About the Center
Ever more conflicts and dynamics of violence are no longer confined to national borders, and neither can the causes and transnational interdependencies of violent conflicts or the consequences of radicalization, protest and violence be adequately investigated and made sense of within narrow disciplinary boundaries. Consequently, contemporary studies of transnational conflict constellations, the interdependence of contentious processes, and of globalized knowledge orders require inter- or transdisciplinary answers marked by creative and integrated research strategies that bridge disciplinary boundaries.
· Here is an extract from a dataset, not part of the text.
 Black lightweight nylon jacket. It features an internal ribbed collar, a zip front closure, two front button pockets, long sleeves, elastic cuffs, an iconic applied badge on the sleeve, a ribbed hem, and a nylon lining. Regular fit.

In times of increasingly complex transnational challenges - from the interconneted processes of digitalization to the Covid 19 pandemic to the ongoing dynamics of migration and to the proliferating transnational networks of violence - the new Berlin center for interdisciplinary peace and conflict research aims to provide an interdisciplinary platform for the systematic identification, analysis and classification of those contentious relationships and arenas of conflict that emerge from or accompany the new violent dynamics of regional and global interconnection. The central analytical challenges consist in a process-oriented perspective and interdisciplinary reconstruction of multiple interdependent and transnational conflict constellations. A dynamic and interactionist perspective is essential. Existing conflict constellations condition violence, but they are also re-produced by interdependent conflict dynamics and thereby contribute to the reconfiguration of existing socio-spatial orders.
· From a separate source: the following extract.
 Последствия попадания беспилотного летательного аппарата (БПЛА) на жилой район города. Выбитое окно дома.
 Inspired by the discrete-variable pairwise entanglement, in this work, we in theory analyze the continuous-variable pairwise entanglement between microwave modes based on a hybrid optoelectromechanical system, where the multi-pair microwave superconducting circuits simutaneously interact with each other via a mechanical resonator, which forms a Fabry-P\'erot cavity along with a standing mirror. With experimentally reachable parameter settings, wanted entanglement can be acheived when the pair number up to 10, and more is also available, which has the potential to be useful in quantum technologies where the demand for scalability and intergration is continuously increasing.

Building on these considerations, the center's initial focus is on two sets of questions: A) What are the characteristics of transnational conflict constellations and how are they interwoven trans-/regionally or globally? B) What forms of state and non-state violence emerge from transnational conflict constellations and how are their dynamics (escalation of contentious politics, radicalization processes, organized crime etc.) related to the re-configuration of socio-spatial orders (including border spaces, transit zones, urban spaces)? The changing characteristics of conflict constellations as a result of contentious interations are as relevant here as the ways in which they are spatially and temporally interwoven and how they are impacted by global power shifts.
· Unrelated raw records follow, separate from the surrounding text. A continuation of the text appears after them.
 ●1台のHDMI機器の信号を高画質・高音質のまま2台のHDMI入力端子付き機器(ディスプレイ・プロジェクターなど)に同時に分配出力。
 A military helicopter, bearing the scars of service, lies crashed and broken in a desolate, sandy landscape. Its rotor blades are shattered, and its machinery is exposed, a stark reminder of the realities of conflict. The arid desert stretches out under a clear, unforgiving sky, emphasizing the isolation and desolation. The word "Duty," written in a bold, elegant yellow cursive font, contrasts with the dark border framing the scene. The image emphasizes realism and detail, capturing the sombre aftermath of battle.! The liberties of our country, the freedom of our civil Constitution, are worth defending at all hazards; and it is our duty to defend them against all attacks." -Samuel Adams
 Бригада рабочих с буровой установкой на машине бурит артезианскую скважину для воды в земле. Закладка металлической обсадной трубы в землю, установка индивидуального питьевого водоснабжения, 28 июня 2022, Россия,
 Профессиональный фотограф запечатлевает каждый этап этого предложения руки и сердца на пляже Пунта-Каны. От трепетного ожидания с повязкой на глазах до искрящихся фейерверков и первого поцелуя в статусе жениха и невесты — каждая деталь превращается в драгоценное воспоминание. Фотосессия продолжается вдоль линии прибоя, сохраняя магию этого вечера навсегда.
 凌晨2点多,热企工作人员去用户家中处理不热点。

In the spirit of a problem-oriented approach to basic research on issues of peace and conflict the center thus aims to empirically capture and theorize globally shifting conflict constellations through an interdisciplinary perspective. At the same time, its goal is to offer normative orientation as regards the ethics of researching violence and conflict and as regards the constitution of peace and conflict research as a discipline. Moreover, the center aims to provide new conceptual impulses for the analysis of conflict constellations and contentious processes, and to offer new avenues for the integration of multiple research perspectives and methods.
Linked to this is the center's self-conception as a hub for an analytically and normatively oriented peace and conflict research, which is constituted as an interdisciplinary field of research and whose focus lies on the causes, shapes, dynamics and consequences of violent conflicts - and on the conditions of their constructive transformation.